British Soap Operas
While soap operas were meat and drink to American commercial broadcasters, the situation in Britain was very different. There was only one broadcaster, initially producing programmes for the radio and later the television, the British Broadcasting Corporation (BBC), whose mission, as laid down by John Reith in 1922, was to “inform, educate, and entertain” and very much in that order.
As a consequence, the BBC was a late adopter of the soap opera, its first foray into the genre being Front Line Family, which first aired in April 1941. It featured the trials and tribulations of the Robinsons during the war and its plots ran story lines about rationing, the Blitz, and family members going missing in action. What was unusual about the programme was that it was not available to a British audience, aired initially on the BBC’s North American short wave service and later on its worldwide service.
Its mission was to entertain, as the rather patronizing instructions to the programme’s writers revealed: “this material appeal to an audience of relatively limited mentality, an audience who believes in thrilleresque, is not squeamish, and is almost completely credulous”. However, there was a much more serious reason for airing it, to encourage America to enter the war to assist Britain in its fight against the Nazis. The Japanese bombing of Pearl Harbour proved more effective, though.
Nevertheless, Front Line Family proved wildly popular, being bought under licence by many commercial station in the United States. Eventually, British audiences were finally able to hear what all the fuss was about when it appeared on the Light Programme schedules as The Robinson Family on July 30, 1945. The radio soap had finally reached Britain.
When it was finally taken off the schedules, to protests, in late 1947, it was replaced on January 5, 1948 by Mrs Dale’s Diary, a tale of a suburban doctor and his wife, living at Virginia Lodge in Packwood Hill. Each episode, broadcast every weekday afternoon and then repeated the following morning, began with a short introductory narrative, spoken by Mrs Dale as if she were writing a diary. It ran until April 25,1969, changing its name to The Dales in 1962, and even counted the then Queen Mother amongst its fans. She reportedly said that it was the only way to find out what went on in a middle class family.
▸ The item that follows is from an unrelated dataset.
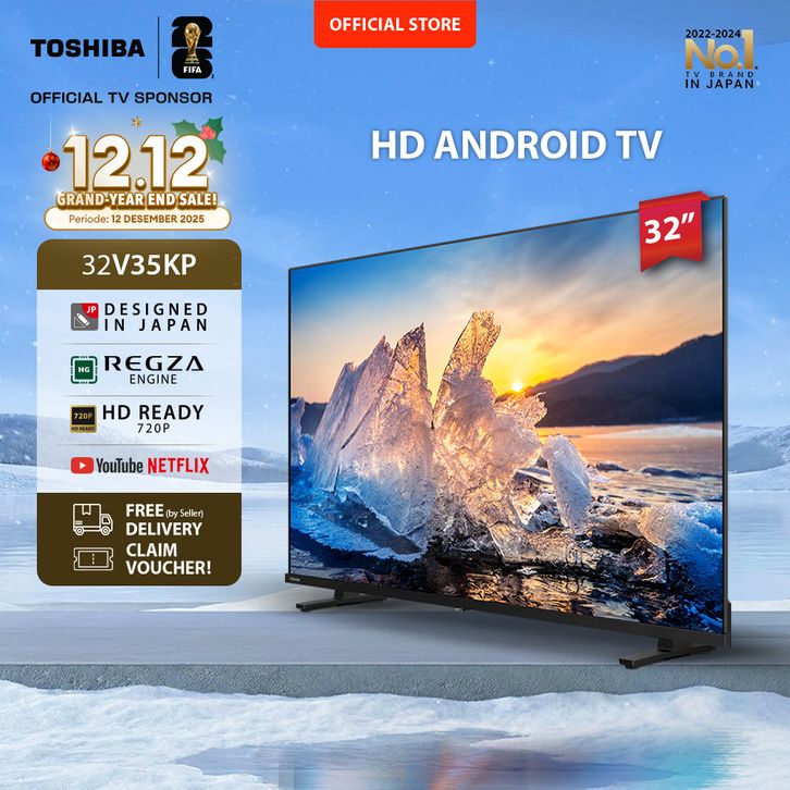 [FREE BRACKET] Toshiba TV 32" HD Android TV - Netflix Disney+ Youtube Dolby Audio Wifi Bluetooth HDMI Digital - 32V35KP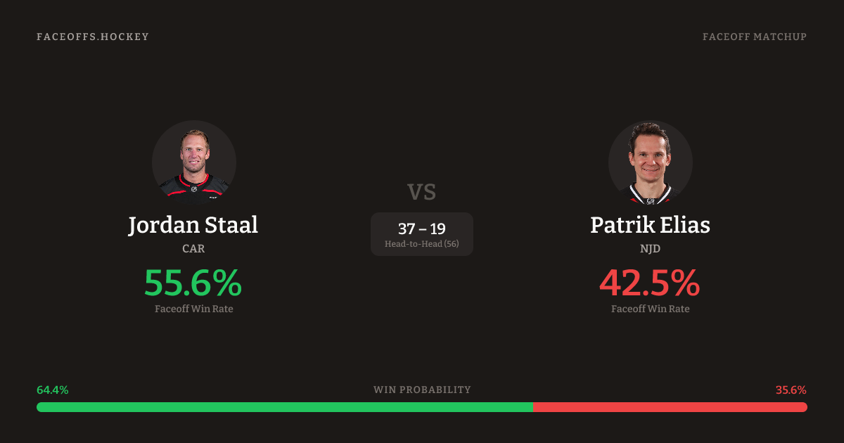 Jordan Staal vs Patrik Elias — Faceoff Head-to-Head

The template introduced by Mrs Dale’s Diary and the propaganda mission of Front Line Family were combined to produce what was to become the world’s longest running radio soap, The Archers, first broadcast as a pilot series of five episodes on May 29, 1950 on the BBC Midlands Home Service and then nationally from New Year’s Day 1951. It was used to promote modern farming methods, taking advice from the Ministry of Agriculture, it was for a time 60 per cent entertainment, 30% information, and 10% education. The dramatic episode in which Grace Archer was killed in a fire was even timed to spike the guns of the launch of Britain’s first commercial television station, dominating newspaper coverage the next day.
It was only a matter of time, though, before soap operas gravitated to the increasingly popular medium of television.